A number of sample programs are available with Oracle Data Mining. These programs illustrate the many features of the PL/SQL and Java APIs.

The sample programs create a set of models in the database. You can examine the sample source code, which includes numerous comments, to familiarize yourself with the Oracle Data Mining APIs, and you can create your own models by modifying the samples.

Note:

This chapter provides general information about the sample programs and the sample data.

Instructions for installing and running the sample programs are provided in Chapter 1.

This chapter includes the following sections:

PL/SQL Programs
Java Programs
Text Mining Programs
The Sample Data

PL/SQL Programs

The PL/SQL sample programs illustrate the use of the DBMS_DATA_MINING package for creating models and the DBMS_DATA_MINING_TRANSFORM package for performing transformations on the mining data.

PL/SQL Program Summaries

Summary descriptions of the PL/SQL sample programs are provided in Table 7-1. For detailed descriptions of the sample programs, see the comments in the source code.

Table 7-1 Overview of the PL/SQL Sample Programs

Mining Function	Description
Classification	The classification programs demonstrate various preprocessing techniques and perform the following steps: Build a classification model using training data Display model details and settings Test the model by applying the model on the test data Present test metrics, such as confusion matrix, lift, and ROC Apply the model on the scoring data Present apply results Present ranked apply results, influenced by a cost matrix `dmnbdemo.sql` illustrates Naive Bayes. `dmdtdemo.sql` illustrates Decision Tree. `dmsvcdem.sql` illustrates SVM classification. `dmglcdem` illustrates GLM classification (binary logistic regression) The `dmdtxvlddemo.sql` program demonstrates cross-validation techniques for decision tree based-classification.

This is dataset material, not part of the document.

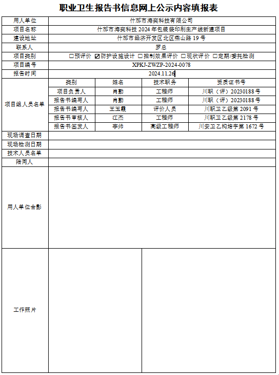 什邡市海奕科技有限公司职业病危害因素防护设施设计专篇

With minor modifications, this program can be used to perform cross validation using other models/algorithms.
Regression	`dmsvrdem.sql` uses different test metrics, but otherwise performs most of the same steps used in the classification programs. Selected attributes of the input data are preprocessed (normalized). NOTE: `dmsvrdem`.`sq`l illustrates the new Automatic Data Preparation feature. `dmglrdem.sql` illustrates GLM regression (multivariate linear regression)
Anomaly Detection	`dmsvodem.sql` illustrates one-class SVM
Association	`dmardemo.sql` builds an association model and presents frequent itemsets and association rules as output.
Clustering	`dmkmdemo.sql` (k-Means) and `dmocdemo.sql` (0-Cluster) build clustering models and present cluster details, such as rules, centroid, and histogram for each cluster as output. The models are scored, and the probabilities associated with each cluster are returned as output. Selected attributes of the input data are preprocessed. NOTE: `dmkmdemo`.`sq`l illustrates the new Automatic Data Preparation feature.
Feature extraction	`dmnmdemo.sql` builds a feature extraction model and presents model details as the output. The model is scored, and each feature ID is associated with a probability. Selected attributes of the input data are preprocessed (normalized).
Attribute importance	`dmaidemo.sql` builds an attribute importance model and presents a list of important attributes as the output of model details. Selected attributes of the input data are preprocessed (binned).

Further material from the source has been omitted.